The U.S. nonfarm payrolls data due later in the session will likely show employers added 200,000 jobs last month after hiring 236,000 workers in February. The unemployment rate is seen steady at a four-year low of 7.7 percent.
But Thursday's report showing the number of Americans filing new claims for unemployment benefits hit a four-month high last week, raising the risk of a weaker reading on the payrolls data.
"Given that the U.S. jobless claims data underwhelmed, there is concern the non-farm payrolls will follow suit, and add to the recent run of bearish signals," William Leys, a sales trader at CMC Markets, said in a report.

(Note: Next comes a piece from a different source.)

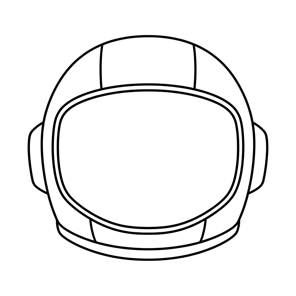 En ren og klassisk stregtegning af en astronauthjelm med et fremtrædende visir, perfekt for aspirerende rumforskere at farvelægge.
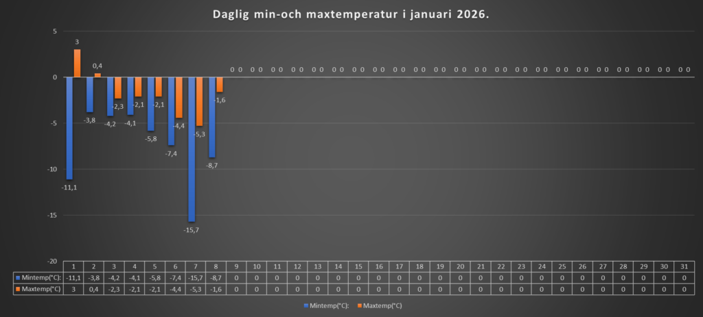 En hel del sol idag, bara lite lättare moln av och till. Inte så kallt heller, några minusgrader både dag som natt.

The MSCI's broadest index of Asia-Pacific shares outside Japan <.miapj0000pus> fell 0.8 percent, dragged lower by a 1.3 percent drop in South Korean shares <.ks11> to a two-month low, by far the worst regional performer.

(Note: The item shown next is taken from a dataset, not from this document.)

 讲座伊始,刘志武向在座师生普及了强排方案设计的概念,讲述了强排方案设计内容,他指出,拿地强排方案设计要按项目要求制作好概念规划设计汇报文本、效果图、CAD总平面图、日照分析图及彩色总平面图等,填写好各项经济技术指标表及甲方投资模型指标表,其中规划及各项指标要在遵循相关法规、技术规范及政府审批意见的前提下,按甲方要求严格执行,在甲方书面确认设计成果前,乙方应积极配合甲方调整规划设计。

Japan's Nikkei stock average <.n225> was again the outperformer, extending gains sharply to jump more than 4 percent soon after trading started, topping the 13,000 level for the first time since August 2008. <.t/>
"Japanese stocks will likely continue outperforming global peers as already high appetite from both foreigners and domestic investors has been boosted," said Yoshiyuki Kondo, an analyst at Daiwa Securities.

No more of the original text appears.